Casey strolls into Isaac's office and plunks his ass down on Isaac's desk and says he has a problem. "Imagine my surprise!" says Isaac. Casey explains that some years ago Shane McArnold gave him an interview when Casey needed a break. "So far I'm not at all interested," says Isaac, maintaining his perfect balance of compassion and cantankerism. "He was my Close-Up interview this morning," says Casey. "How'd he do?" asks Isaac.
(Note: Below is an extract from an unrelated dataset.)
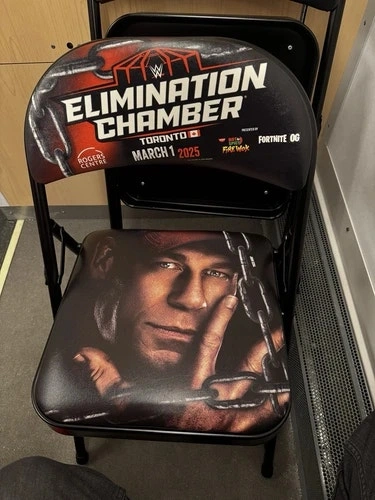 WWE Roadblock 2016 chair (event originally called "March to Wrestlemania") - $400. SummerSlam 2019 chair - $500. Elimination Chamber 2023 chair - $500. Elimination Chamber 2025 chair - $750. All are used but in like-new condition. Sports collectibles.
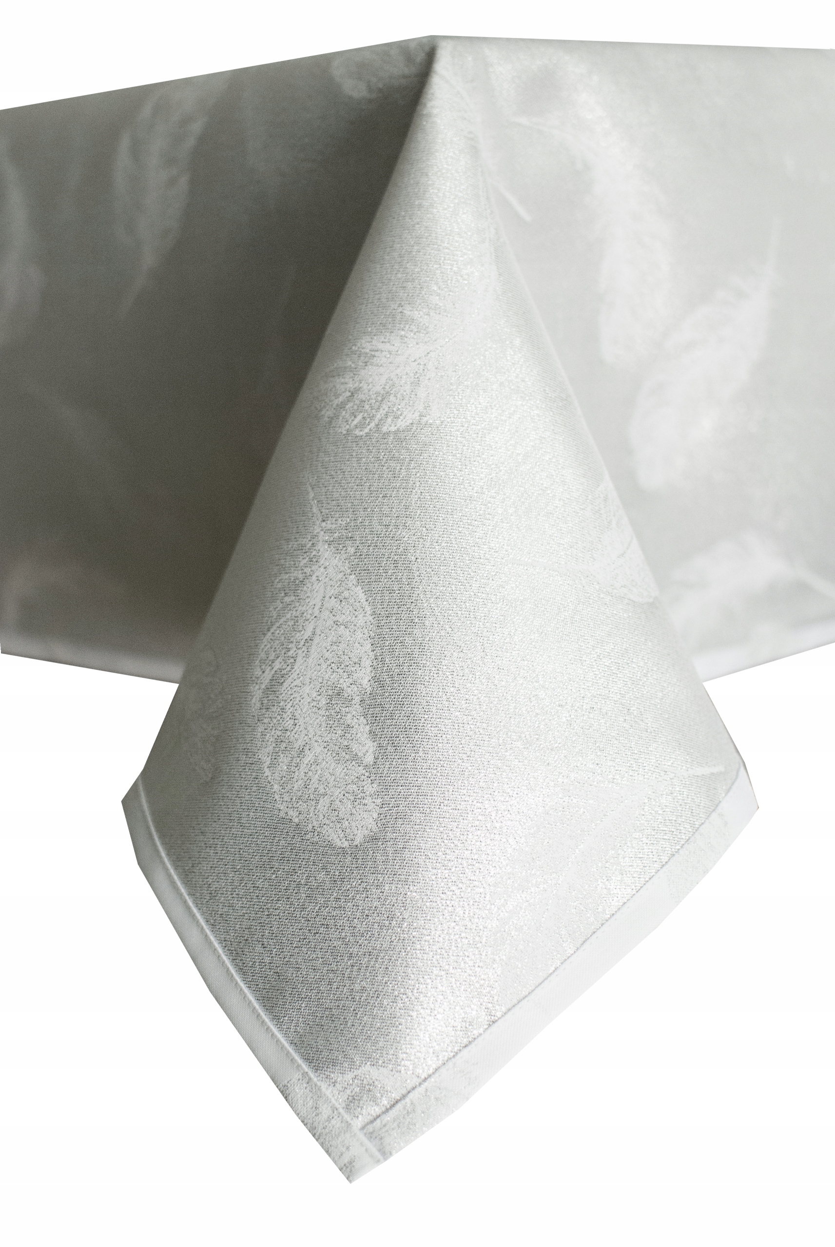 Красивая белая скатерть с блестящими серебристыми и белыми перьями. Перья добавляют легкости, а металлизированный узор подчеркнет неповторимый характер стола.

Casey says it went great, that they got feet and feet of footage, but there was this one small part where it might be possibly to interpret Shane's remarks that he's implying he doesn't like New York. "How?" says Isaac. "By saying he doesn't like New York," says Casey. "Wow," says Isaac, "he's screwed," and "wow" again. Casey asks him how he feels about Casey editing out that section. "Well, since it's news and it's good television, I wouldn't feel very good about it." At this point, Dana comes into the office, but Casey doesn't see her. "How do you think Dana would feel about it?" says Isaac, all Machiavellian setting up Casey. "Ah, who knows with Dana," says Casey. "One day she's up, another day she's down. That girl's nuttier than a squirrel's cheeks in October. The point is, she's standing right behind me, right?" Dana flips out that Casey went over her head. "I can explain this," says Casey. "How?" says Dana. "I went over your head." Sigh. Dana also turns on Isaac: "And you just sat there?" "It's my desk," protests Isaac. Dana orders Casey outside. "Good talking to ya, Case!" says Isaac, cracking me up as Dana shoves Casey out the door.